──────── Exercise data

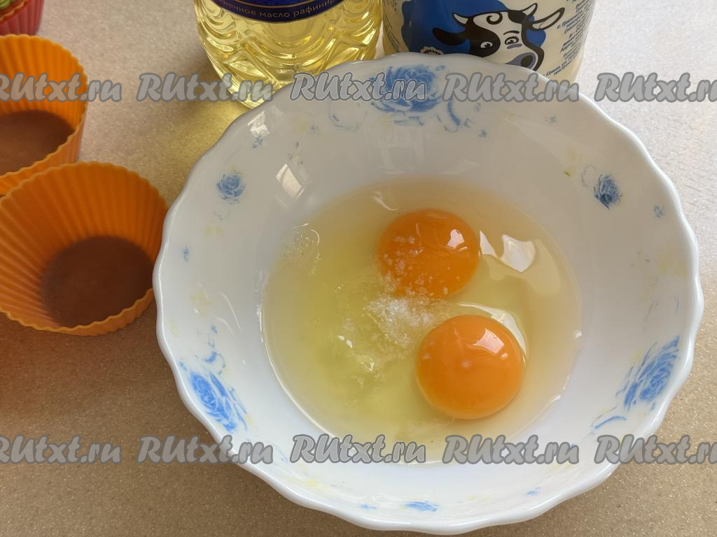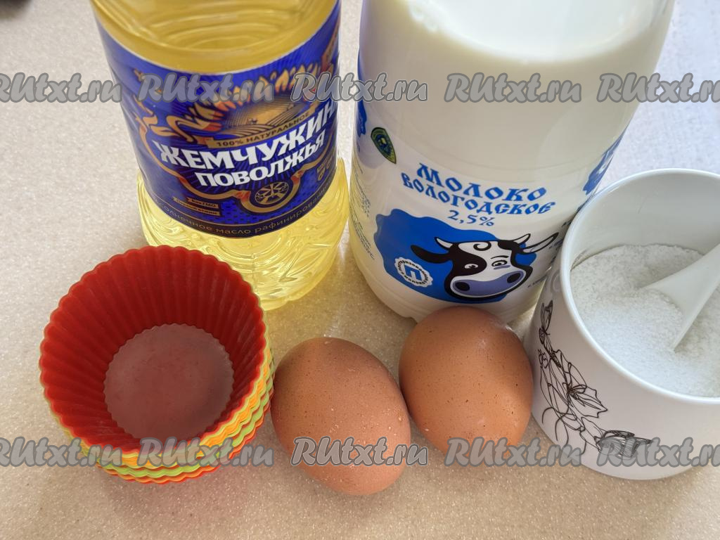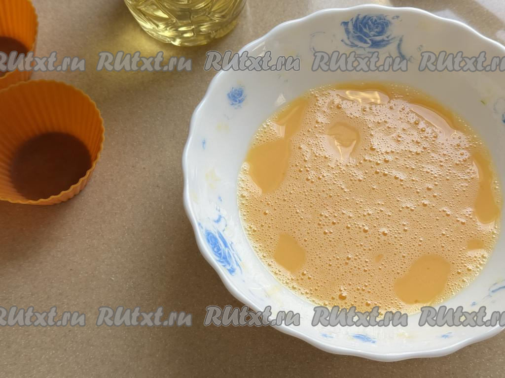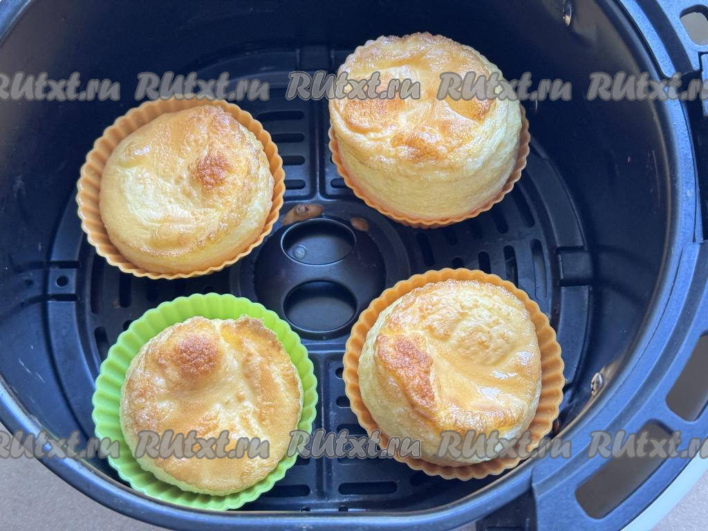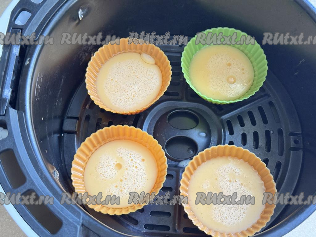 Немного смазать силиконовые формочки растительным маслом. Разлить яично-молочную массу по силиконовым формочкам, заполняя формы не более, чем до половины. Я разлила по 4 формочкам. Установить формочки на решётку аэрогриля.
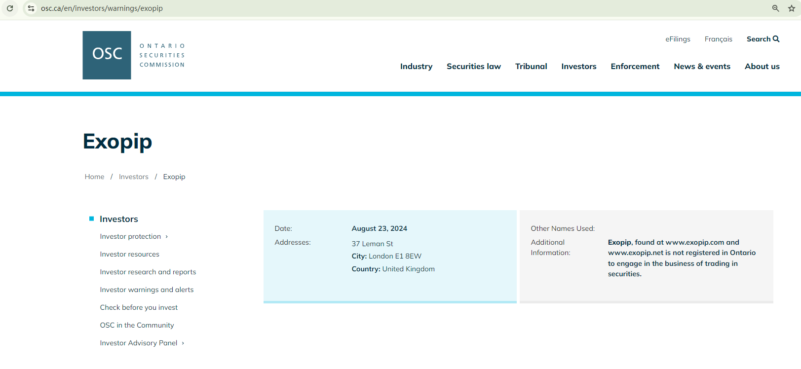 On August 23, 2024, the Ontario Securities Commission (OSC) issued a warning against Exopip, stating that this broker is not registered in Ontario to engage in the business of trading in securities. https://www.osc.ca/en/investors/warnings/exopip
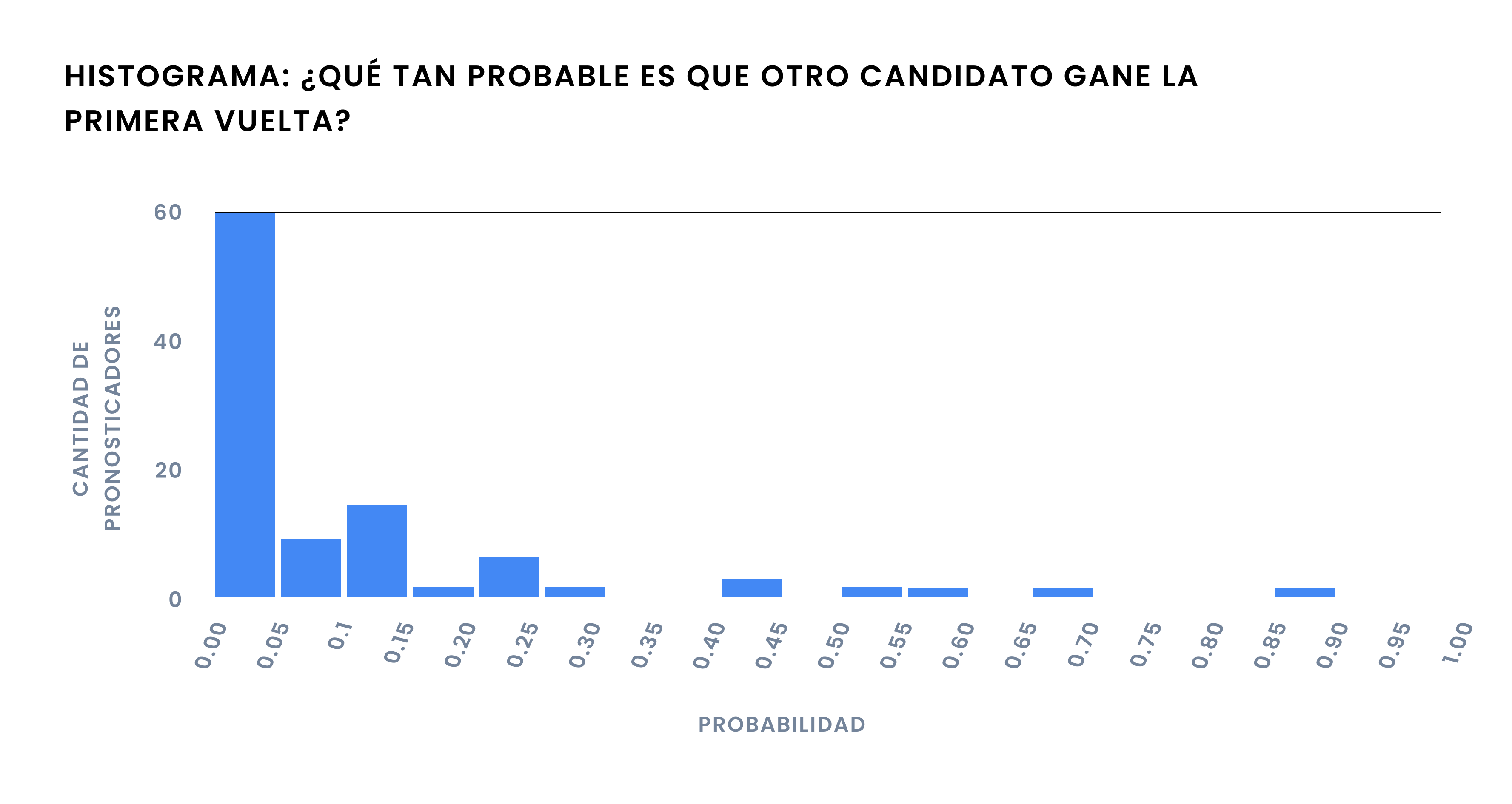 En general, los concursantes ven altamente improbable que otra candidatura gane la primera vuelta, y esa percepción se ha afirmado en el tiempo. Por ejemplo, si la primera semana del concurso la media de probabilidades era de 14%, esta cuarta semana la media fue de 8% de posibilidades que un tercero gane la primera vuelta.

────────────────

# Exercise:
Write out the whole listing exactly, with no pictures.

# Finished task:
 Немного смазать силиконовые формочки растительным маслом. Разлить яично-молочную массу по силиконовым формочкам, заполняя формы не более, чем до половины. Я разлила по 4 формочкам. Установить формочки на решётку аэрогриля.
 On August 23, 2024, the Ontario Securities Commission (OSC) issued a warning against Exopip, stating that this broker is not registered in Ontario to engage in the business of trading in securities. https://www.osc.ca/en/investors/warnings/exopip
 En general, los concursantes ven altamente improbable que otra candidatura gane la primera vuelta, y esa percepción se ha afirmado en el tiempo. Por ejemplo, si la primera semana del concurso la media de probabilidades era de 14%, esta cuarta semana la media fue de 8% de posibilidades que un tercero gane la primera vuelta.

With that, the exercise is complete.